Input

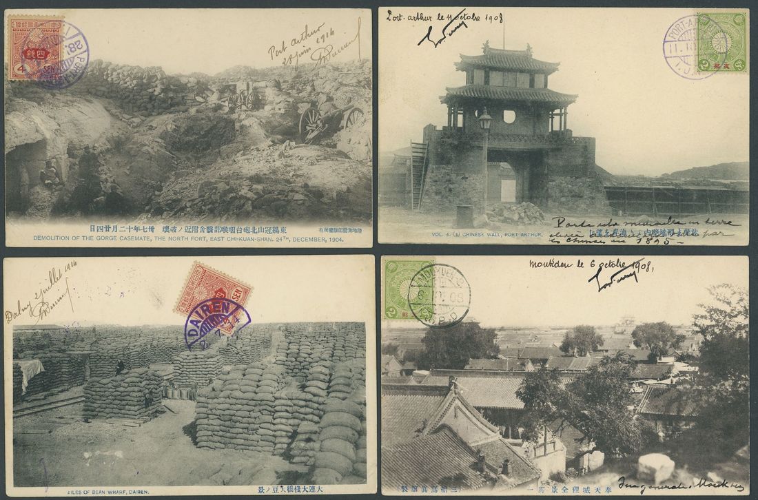 1905-14, a group of picture post cards to France, Tientsin or Swatow, franked with Japanese and "China" overprints on Japanese stamps and tied by I.J.P.O. c.d.s. of Shasi (2), Dairen, Port Arthur, Swatow, Tangku and Moukden; generally fine. (9 cards)
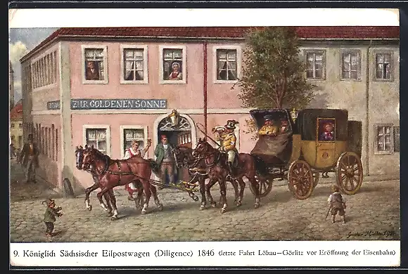 Künstler-AK Königlich Sächsischer Eilpostwagen 1846, letzte Fahrt Löbau-Görlitz vor Eröffnung der Eisenbahn, Postkutsche
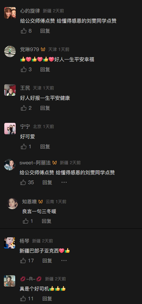 公交车司机阿不来提·阿布都拉师傅则质朴地回应:“特别感动,谢谢孩子们对我的认可,这也是我的动力。”
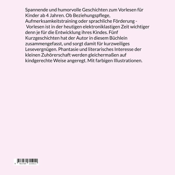 Spannende und humorvolle Geschichten zum Vorlesen für Kinder. Ob Beziehungspflege, Aufmerksamkeitstraining oder sprachliche Förderung - Vorlesen ist in der heutigen elektroniklastigen Zeit wichtiger denn je für die Entwicklung ihres Kindes. Dies ist dem Autor, der selbst Vater ist, nur allzu bewußt. Fünf seiner beliebten Kurzgeschichten hat er daher in diesem Büchlein zusammengefasst, und sorgt damit für kurzweiliges (Vor-) Lesevergnügen. Phantasie und literarisches Interesse der kleinen Zuhörerschaft werden gleichermaßen auf kindgerechte Weise angeregt. Mit farbigen Illustrationen von Olaf Biro.
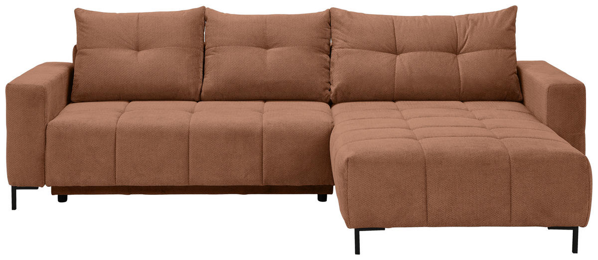 Ihr dunkeloranges Ecksofa mit Webstoff-Bezug verführt dazu, behaglich die verdiente Me-Time zu genießen!
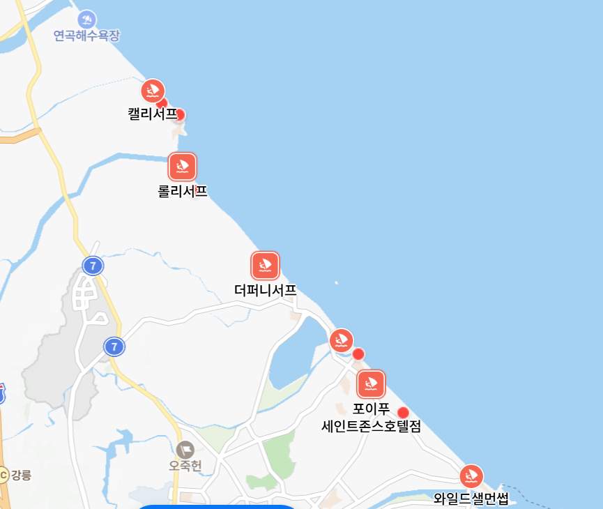안목해변은 강릉에서 가장 유명한 서핑 스팟으로, 초보자들이 안전하게 서핑을 배우기에 최적화된 조건을 갖추고 있습니다. 파도의 높이가 적당하고 해변의 경사가 완만해 처음 서핑을 배우시는 분들께 특히 추천드립니다.
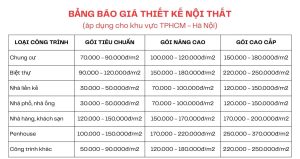 Báo giá thiết kế nội thất TRỌN GÓI đẹp TP Hà Nội năm 2025
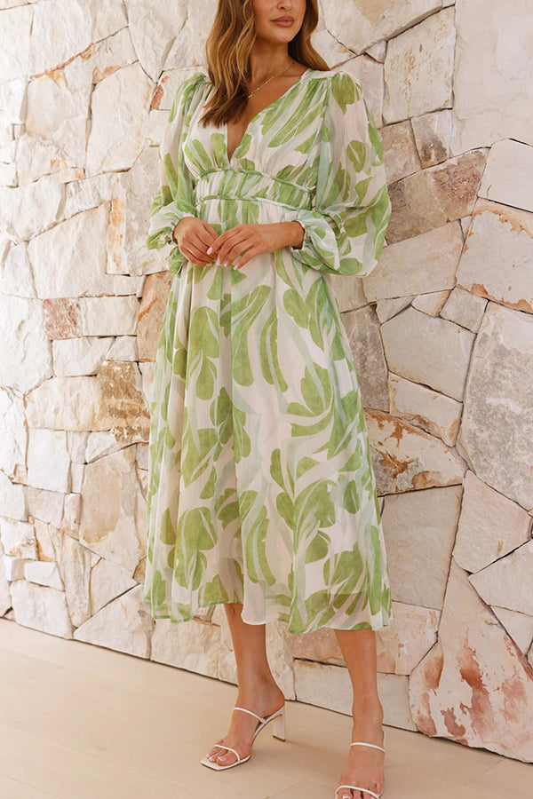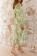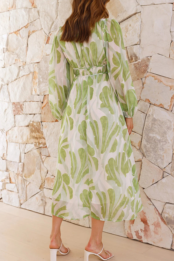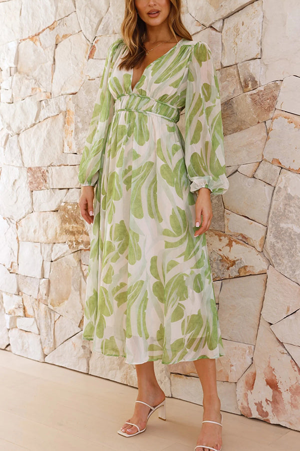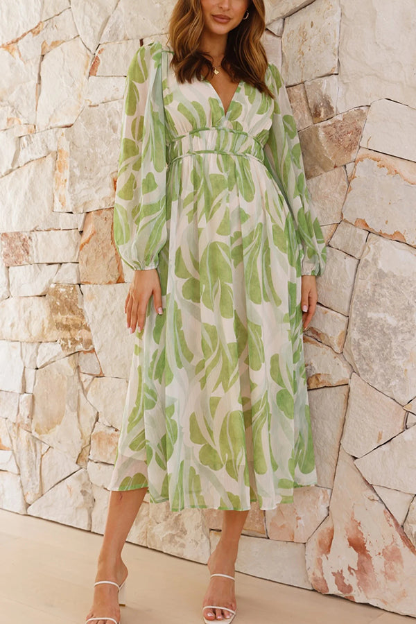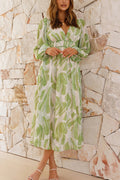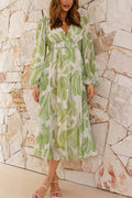 Unique Print Long Sleeve V-Neck Waist Midi Dress
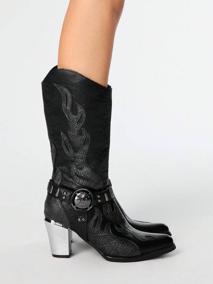 Grunge Punk Stivali donna di metà polpaccio con punta affusolata e ricamo in stile western
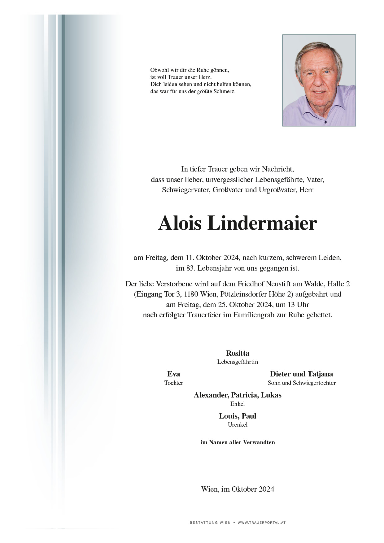 Bestattung wurde durchgeführt von: Bestattung Wien Bestattung Wien GmbH Simmeringer Hauptstraße 339 1110 - Wien (Simmering) Tel.: 01 501950 zum Bestatter
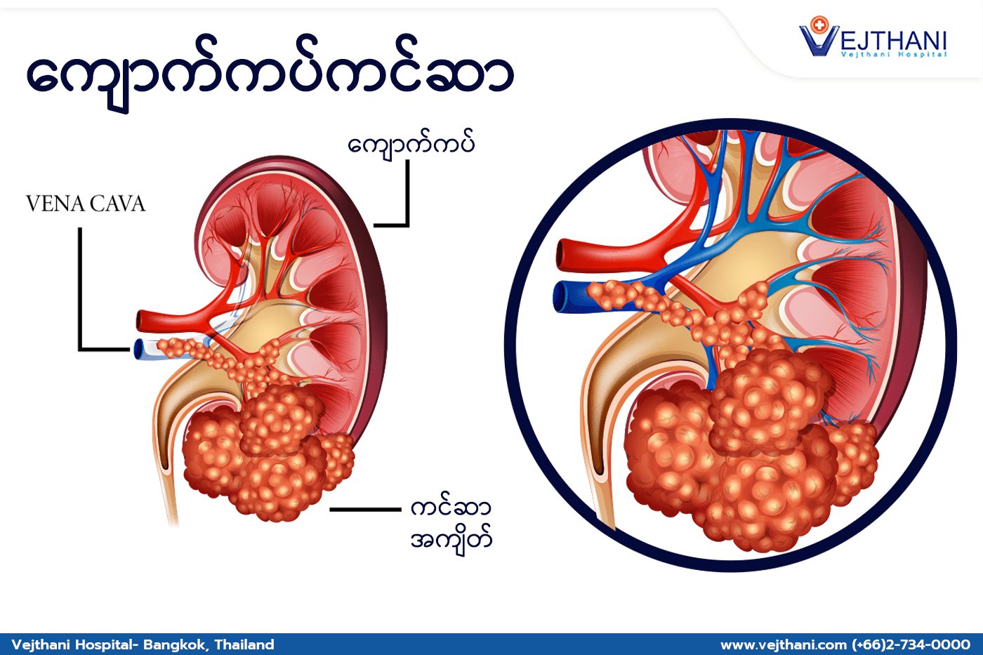 အသေးစိတ်သိရှိလိုပါက Life Cancer Center၊ Vejthani Hospital သို့ ဆက်သွယ်မေးမြန်းနိုင်ပါသည်။ 02-734-0000 Ext ၂၇၂၀ ကိုခေါ်ဆိုပါ။ အင်္ဂလိပ် hotline: (+66) 8-522 38888
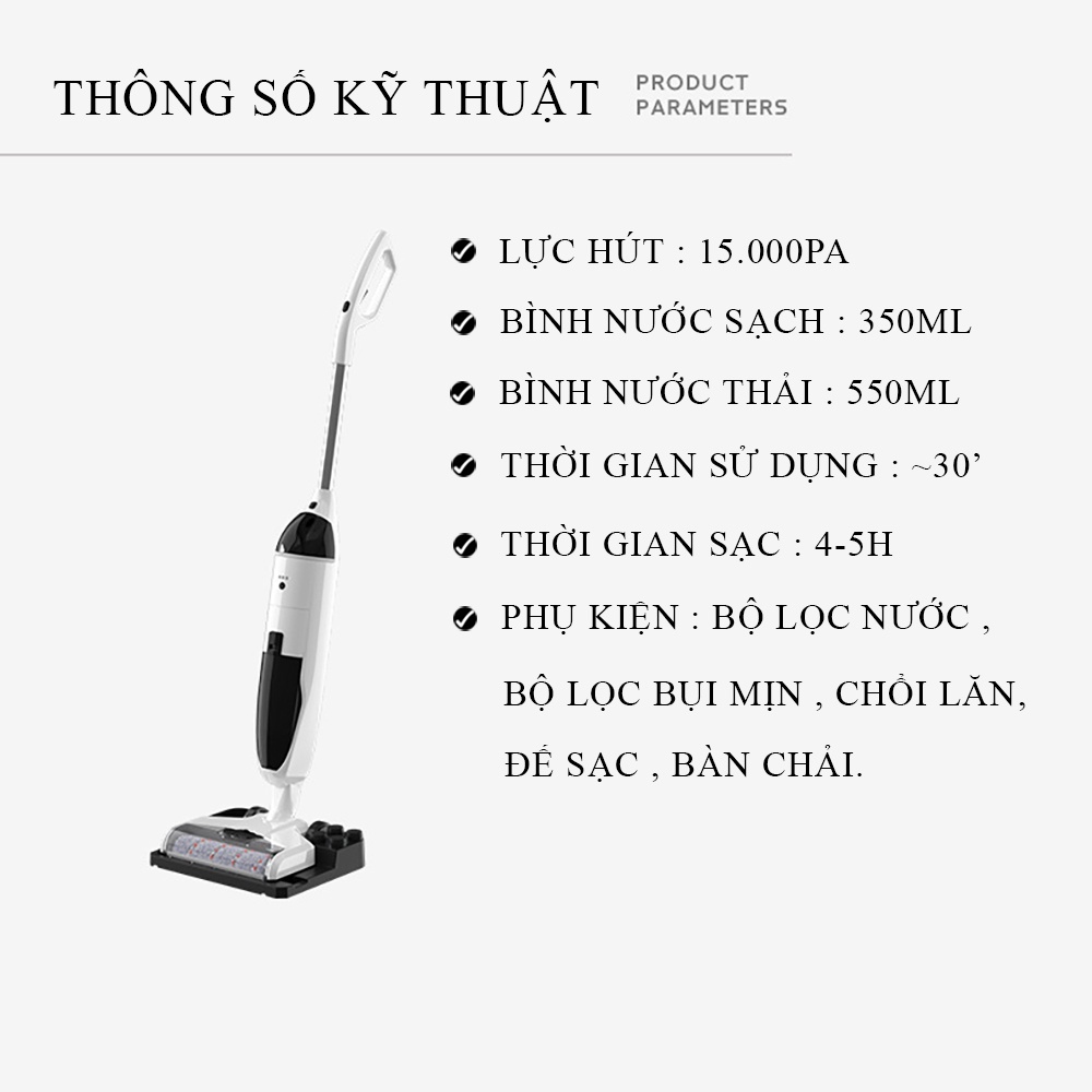 ĐẶC ĐIỂM NỔI BẬT:- Công suất lớn: trang bị động cơ 200W, lực hút 15.000Pa

Exercise brief
Precisely those lines above that run from the line with "Künstler-AK Königlich Sächsischer" up to and including the line with "Grunge Punk Stivali" are to be set down, with the pictures omitted.

Written answer
 Künstler-AK Königlich Sächsischer Eilpostwagen 1846, letzte Fahrt Löbau-Görlitz vor Eröffnung der Eisenbahn, Postkutsche
 公交车司机阿不来提·阿布都拉师傅则质朴地回应:“特别感动,谢谢孩子们对我的认可,这也是我的动力。”
 Spannende und humorvolle Geschichten zum Vorlesen für Kinder. Ob Beziehungspflege, Aufmerksamkeitstraining oder sprachliche Förderung - Vorlesen ist in der heutigen elektroniklastigen Zeit wichtiger denn je für die Entwicklung ihres Kindes. Dies ist dem Autor, der selbst Vater ist, nur allzu bewußt. Fünf seiner beliebten Kurzgeschichten hat er daher in diesem Büchlein zusammengefasst, und sorgt damit für kurzweiliges (Vor-) Lesevergnügen. Phantasie und literarisches Interesse der kleinen Zuhörerschaft werden gleichermaßen auf kindgerechte Weise angeregt. Mit farbigen Illustrationen von Olaf Biro.
 Ihr dunkeloranges Ecksofa mit Webstoff-Bezug verführt dazu, behaglich die verdiente Me-Time zu genießen!
안목해변은 강릉에서 가장 유명한 서핑 스팟으로, 초보자들이 안전하게 서핑을 배우기에 최적화된 조건을 갖추고 있습니다. 파도의 높이가 적당하고 해변의 경사가 완만해 처음 서핑을 배우시는 분들께 특히 추천드립니다.
 Báo giá thiết kế nội thất TRỌN GÓI đẹp TP Hà Nội năm 2025
 Unique Print Long Sleeve V-Neck Waist Midi Dress
 Grunge Punk Stivali donna di metà polpaccio con punta affusolata e ricamo in stile western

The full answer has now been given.